━━━ DATASET ENTRIES
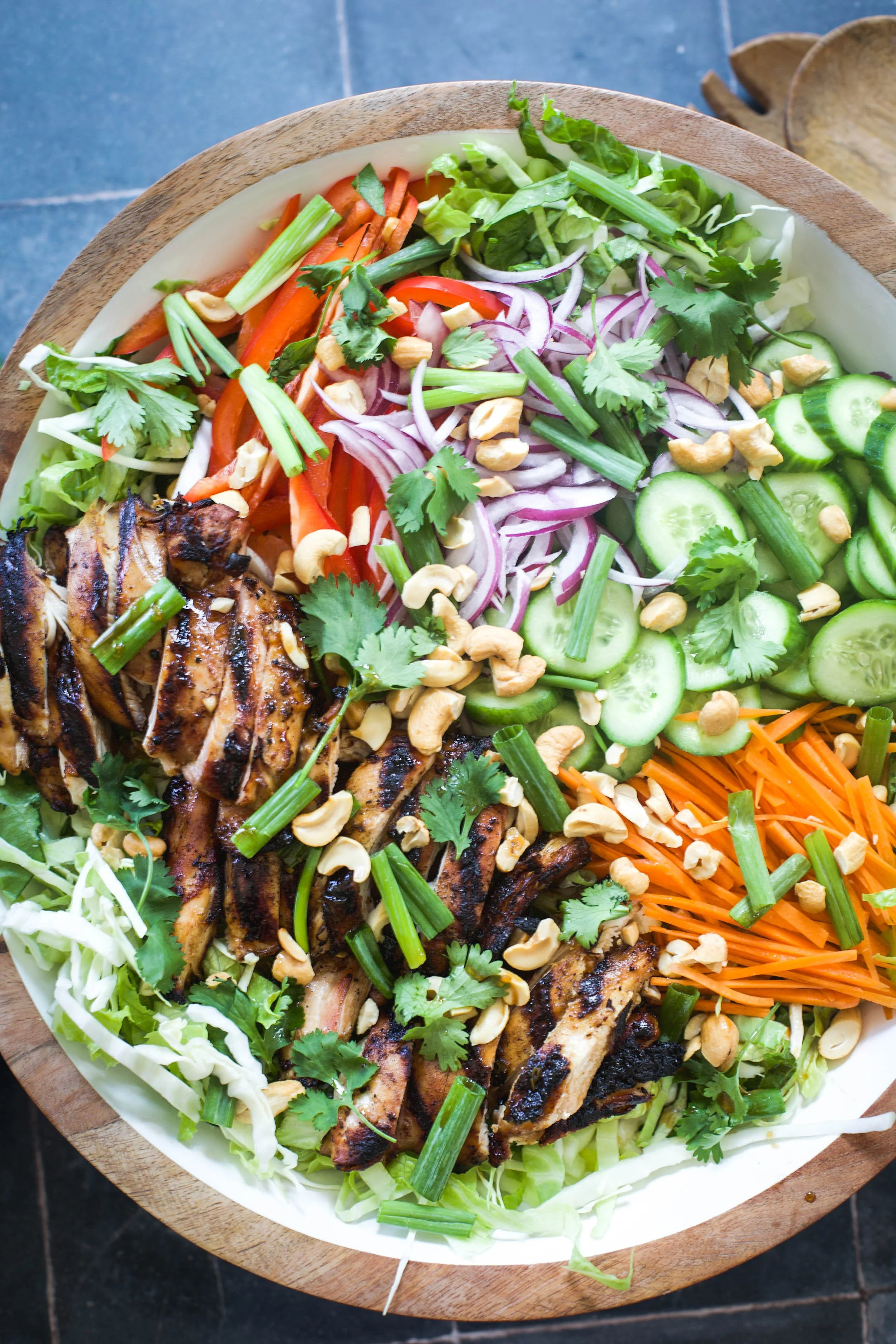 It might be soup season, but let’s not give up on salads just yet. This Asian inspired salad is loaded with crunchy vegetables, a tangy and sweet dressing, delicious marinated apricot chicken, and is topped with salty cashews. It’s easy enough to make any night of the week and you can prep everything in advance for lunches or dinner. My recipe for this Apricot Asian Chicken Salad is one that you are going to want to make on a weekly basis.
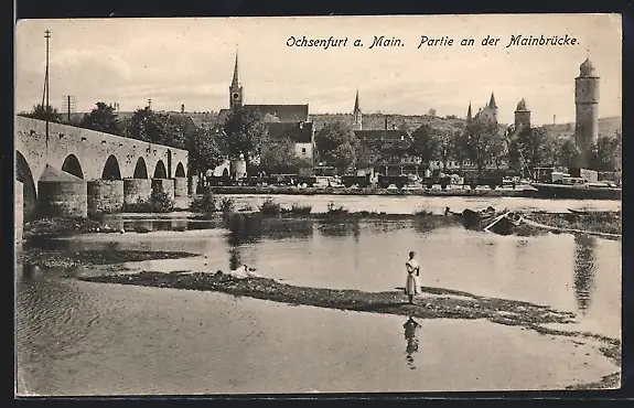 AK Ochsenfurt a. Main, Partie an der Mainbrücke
━━━━━━
━━━ DATASET ENTRIES
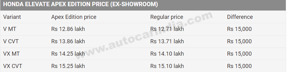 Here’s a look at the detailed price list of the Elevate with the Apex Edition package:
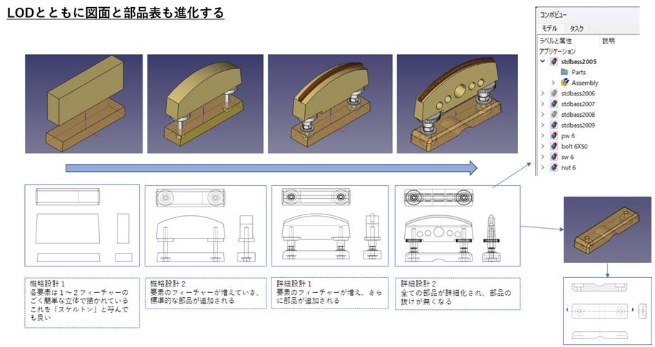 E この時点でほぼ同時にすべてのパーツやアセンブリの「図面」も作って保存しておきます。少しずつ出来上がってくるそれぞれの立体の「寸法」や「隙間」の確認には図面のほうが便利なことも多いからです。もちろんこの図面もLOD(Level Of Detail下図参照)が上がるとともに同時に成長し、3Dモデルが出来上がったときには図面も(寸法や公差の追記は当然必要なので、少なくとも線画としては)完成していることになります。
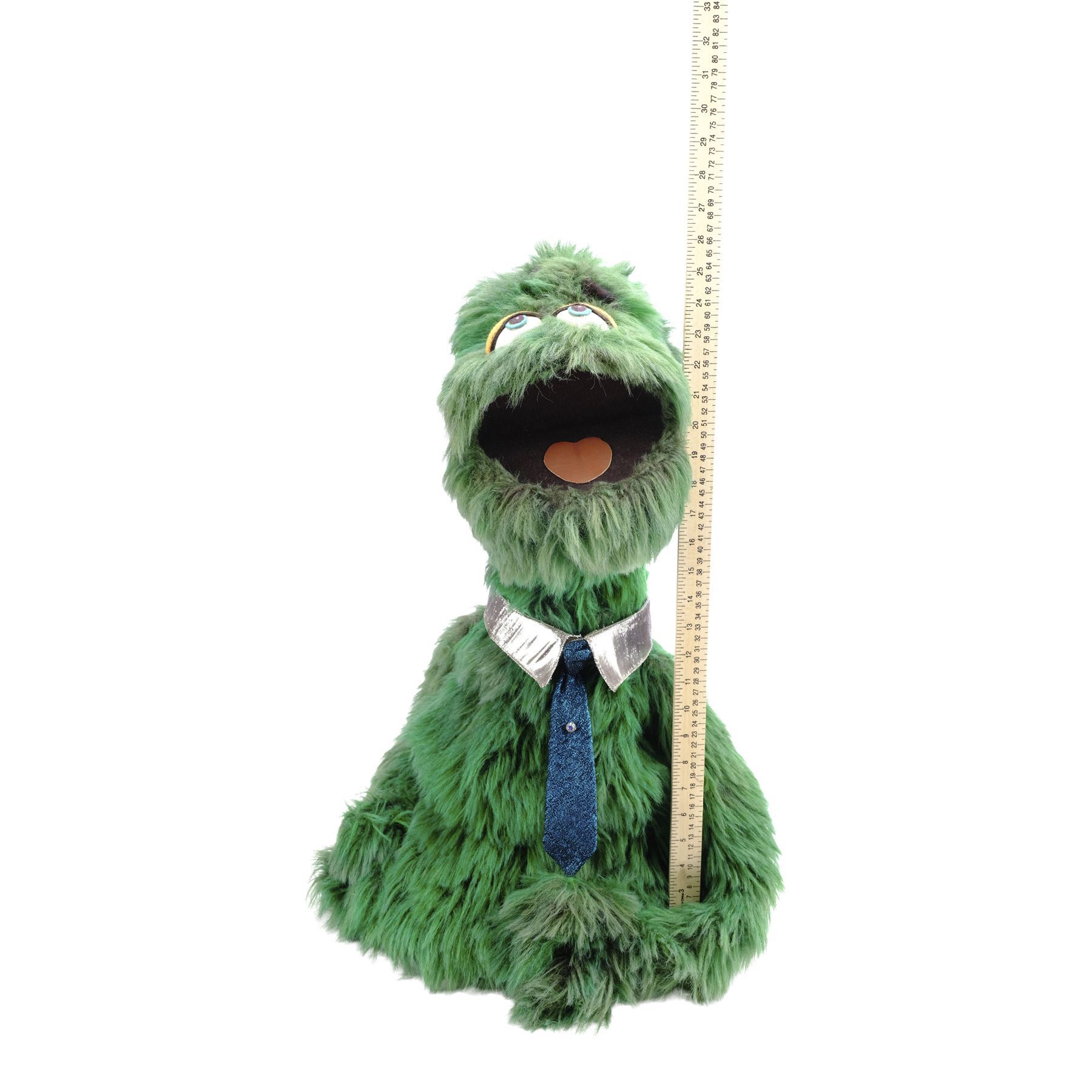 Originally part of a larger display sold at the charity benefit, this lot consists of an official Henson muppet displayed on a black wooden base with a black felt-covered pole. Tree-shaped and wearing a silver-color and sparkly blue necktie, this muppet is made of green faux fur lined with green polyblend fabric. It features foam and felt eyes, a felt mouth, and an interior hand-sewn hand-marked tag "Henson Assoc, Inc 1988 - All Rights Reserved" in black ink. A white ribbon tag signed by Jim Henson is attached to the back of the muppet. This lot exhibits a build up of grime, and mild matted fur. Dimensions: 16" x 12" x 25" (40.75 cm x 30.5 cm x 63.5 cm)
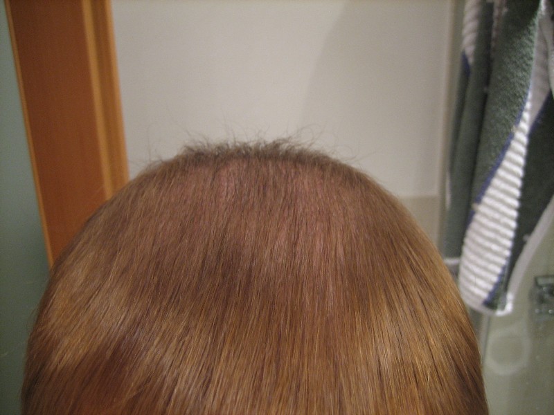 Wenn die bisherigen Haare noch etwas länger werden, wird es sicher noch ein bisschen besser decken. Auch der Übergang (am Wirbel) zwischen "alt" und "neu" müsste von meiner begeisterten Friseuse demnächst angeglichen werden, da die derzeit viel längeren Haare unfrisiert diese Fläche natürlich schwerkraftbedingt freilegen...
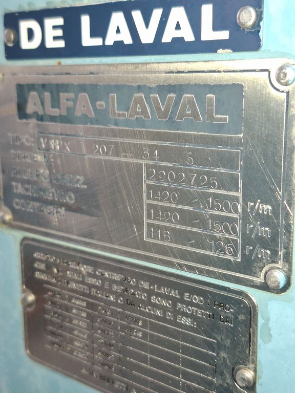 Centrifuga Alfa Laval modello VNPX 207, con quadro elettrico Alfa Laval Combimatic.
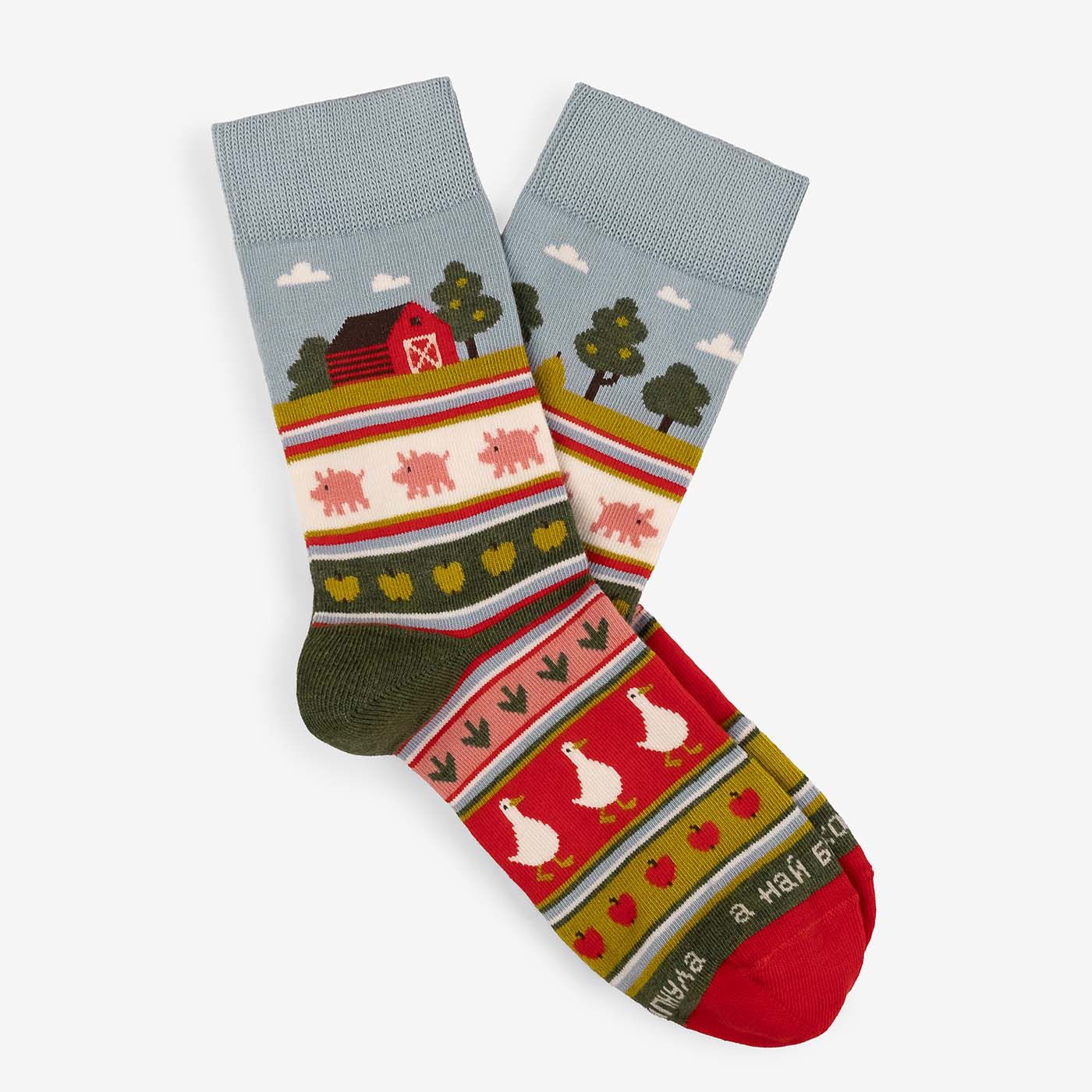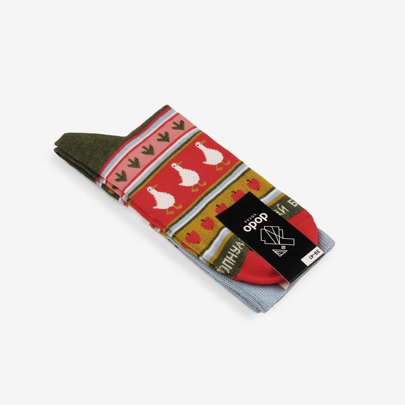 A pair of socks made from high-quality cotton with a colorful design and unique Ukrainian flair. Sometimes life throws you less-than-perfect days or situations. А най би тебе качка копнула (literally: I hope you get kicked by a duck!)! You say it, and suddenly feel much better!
━━━━━━
Transcribe only the lines above that start at the line containing "Wenn die bisherigen" and end at the line containing "Centrifuga Alfa Laval". Omit pictures.

 Wenn die bisherigen Haare noch etwas länger werden, wird es sicher noch ein bisschen besser decken. Auch der Übergang (am Wirbel) zwischen "alt" und "neu" müsste von meiner begeisterten Friseuse demnächst angeglichen werden, da die derzeit viel längeren Haare unfrisiert diese Fläche natürlich schwerkraftbedingt freilegen...
 Centrifuga Alfa Laval modello VNPX 207, con quadro elettrico Alfa Laval Combimatic.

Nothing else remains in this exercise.